The danger for evangelicalism is becoming too parachurch without enough church.
The heretics I write about aren’t detached completely from Christianity. Some of them identify as Christians and like the idea of identifying with Jesus. But they aren’t interested in sustaining any historic Christian tradition or church apart from their own ministry.
Instead of trying to reform and strengthen institutional Christianity, they’re picking through the Christian past, looking for things they like and can use, and discarding the rest.
Why do you claim that one of evangelicalism’s contemporary struggles is an alignment with former President George W. Bush?
The Bush administration represented both the best and worst of a broader evangelical reengagement in politics and culture. It was the fulfillment of this post-1970s era when evangelicals reengaged with the broader culture, returned to the halls of power, and left the fundamentalist past behind. That you had an evangelical President and his speechwriter drawing on Catholic social teaching to shape domestic policy was a remarkable achievement, a sign of what you might call “the opening of the evangelical mind.” And some of the Bush administration’s initiatives, such as its aids in Africa efforts, made a real attempt to achieve a more holistic Christian engagement in politics.

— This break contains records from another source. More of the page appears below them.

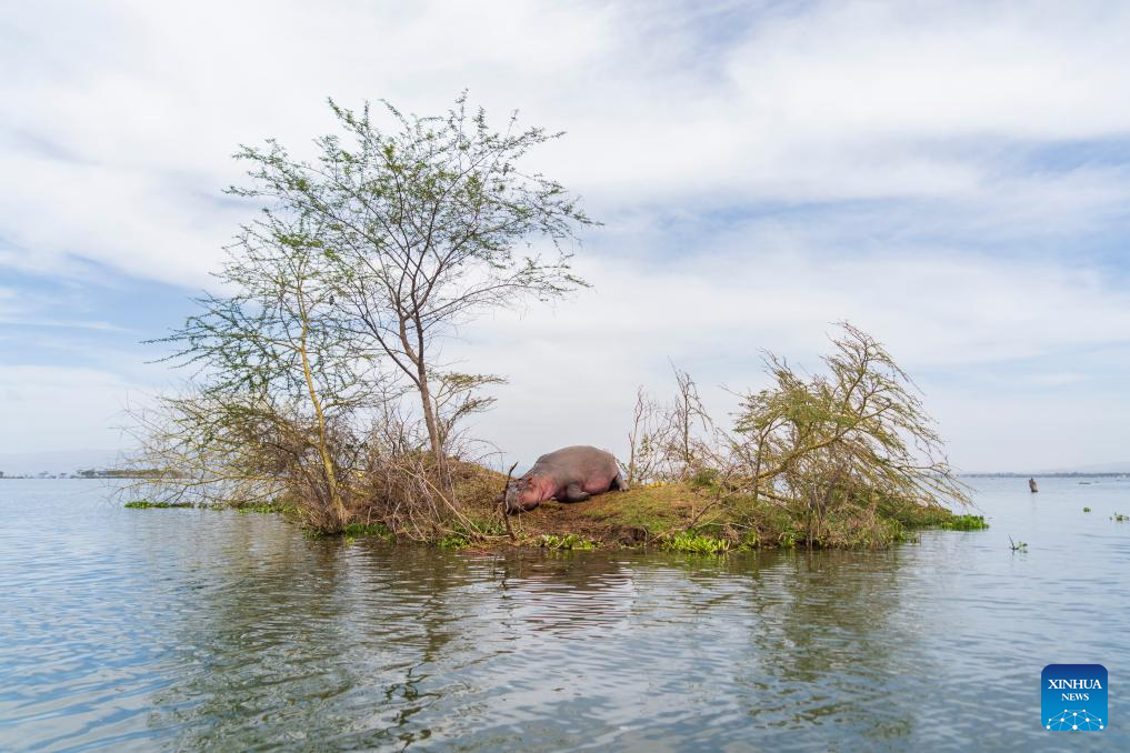 A hippo rests on a small island in Lake Naivasha in Nakuru County, Kenya, Feb. 1, 2026. World Wetlands Day is observed annually on Feb. 2 to raise global awareness of the vital role of wetlands for people, nature and culture. Kenya boasts one of the greatest diversity of wetland types in East Africa, with wetlands such as Lake Amboseli and Lake Naivasa playing a significant role in local water resource security, biodiversity conservation, food production and climate regulation. (Xinhua/Xie Jianfei)
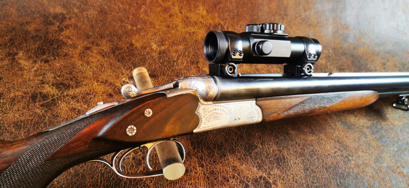 Mit Beschuss. Multi Reticle Rotpunkt auf Prismenmontage. Choke: 1/1+1/2.
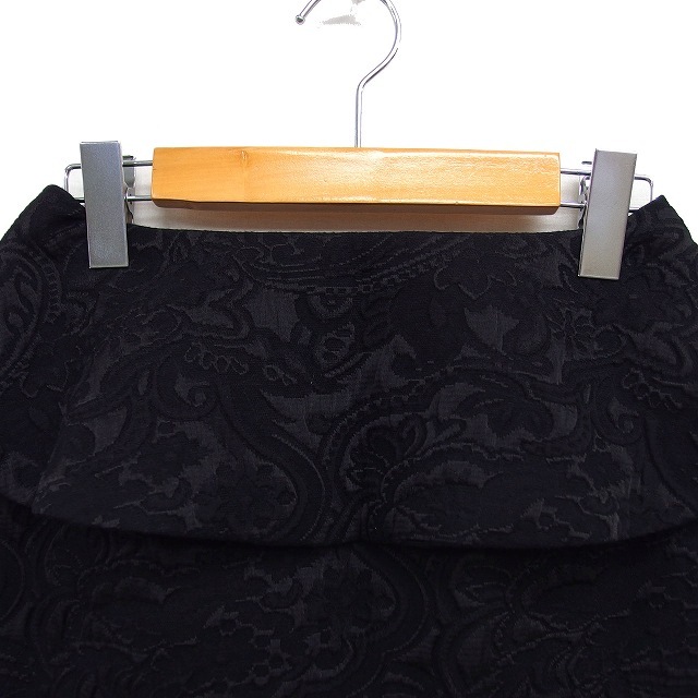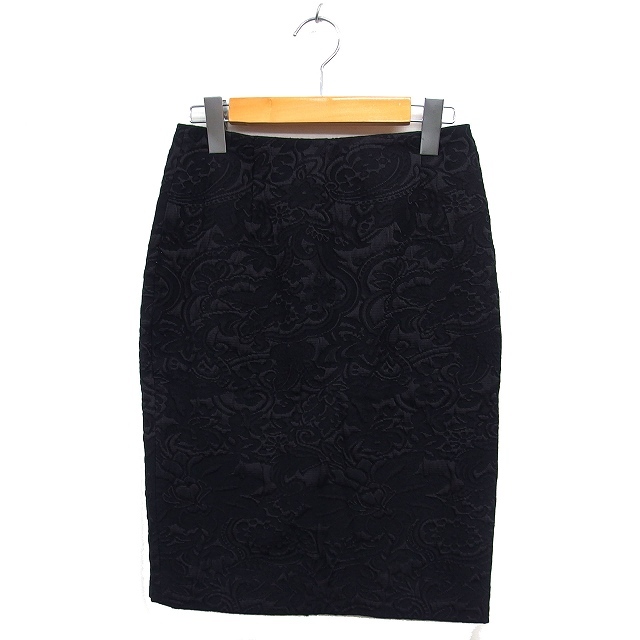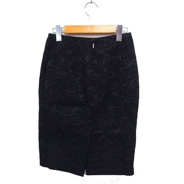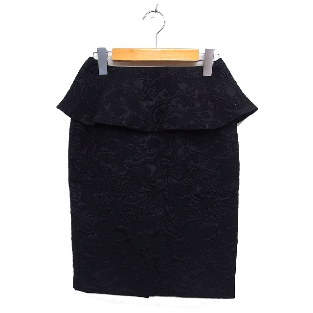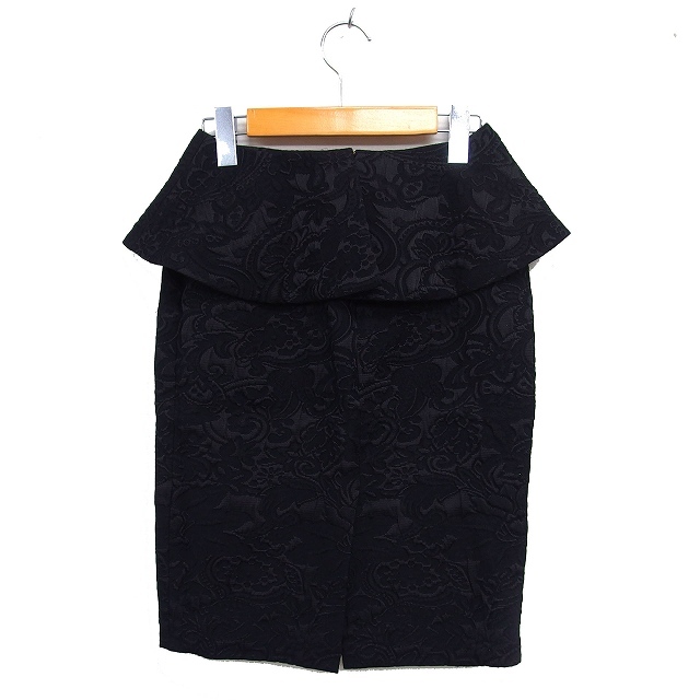 エポカ EPOCA ジャガード タイト スカート ひざ丈 ペプラム バックジップ ウール混 38 黒 ブラック /NT35 レディース
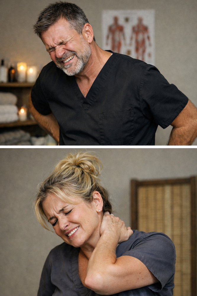 40%+ of massage therapists report chronic work-related pain.
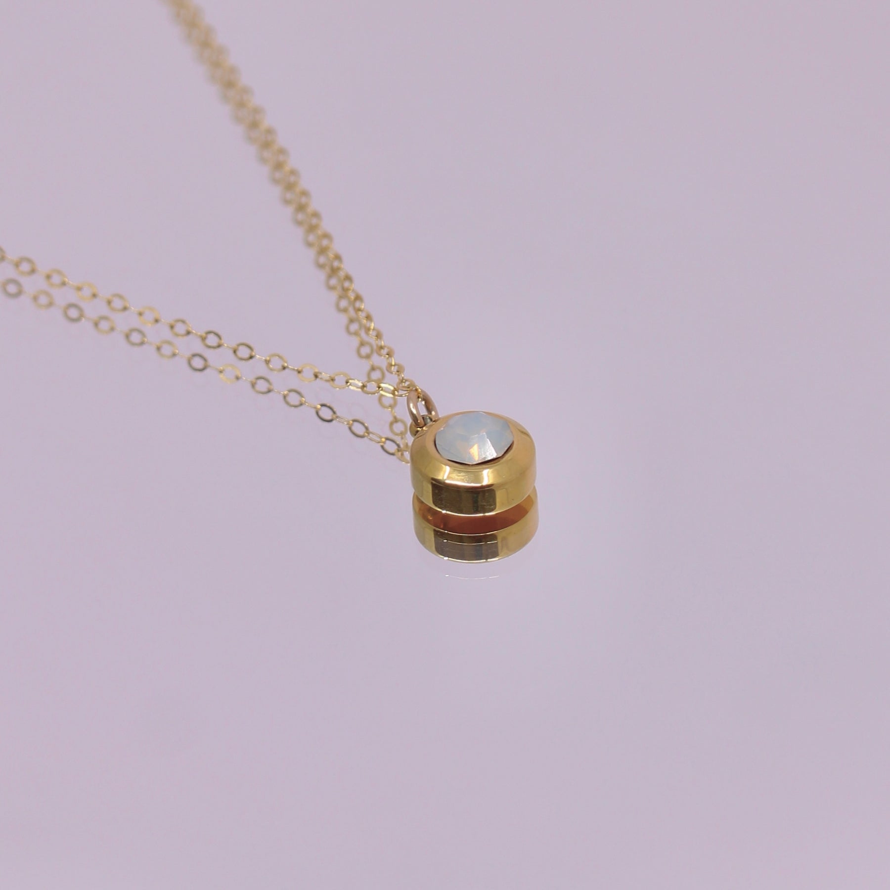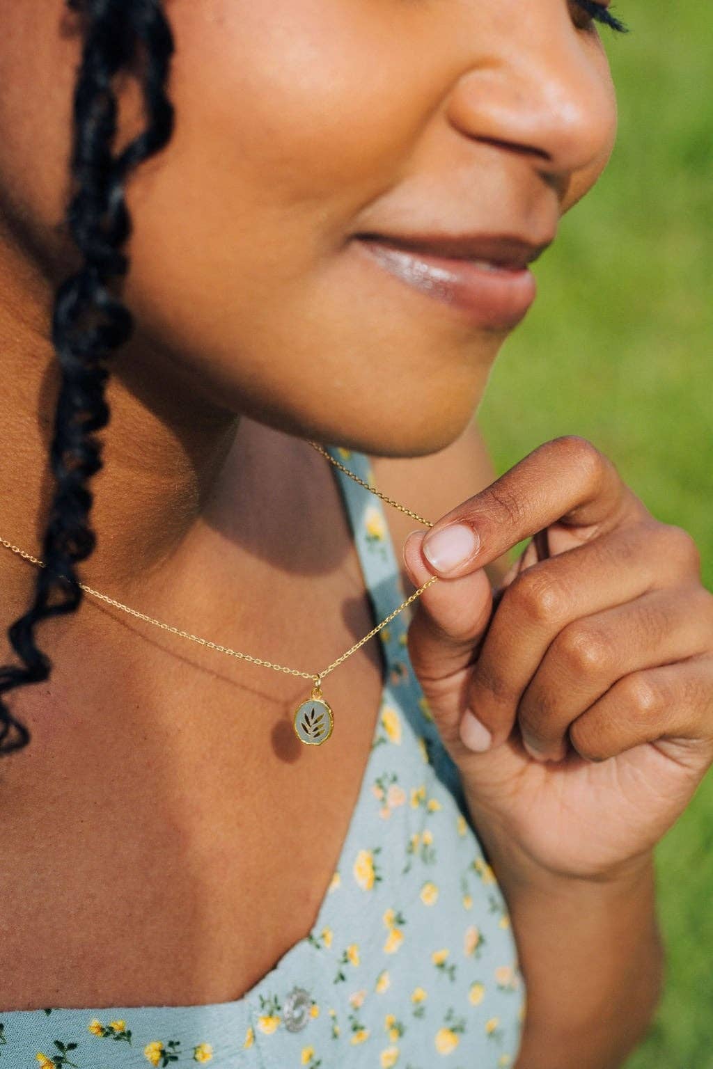 Strung on 14k Goldfill chain, it won't tarnish or change colors, even with daily wear. Our necklace chains also come with an adjustable slider, so it can be worn as short as 16" or as long as 22". The pendant itself is gold plated with an extra layer of tarnish resistance.

But the administration exposed the limits of using politics to effect broader cultural change. The Bush era was the moment when religious conservatives finally had one of their own in the White House, but it wasn’t a great era for evangelicalism or for institutional Christianity. But it’s pretty clear that institutional religion in the United States has lost more ground than it’s gained in the past 10 to 15 years.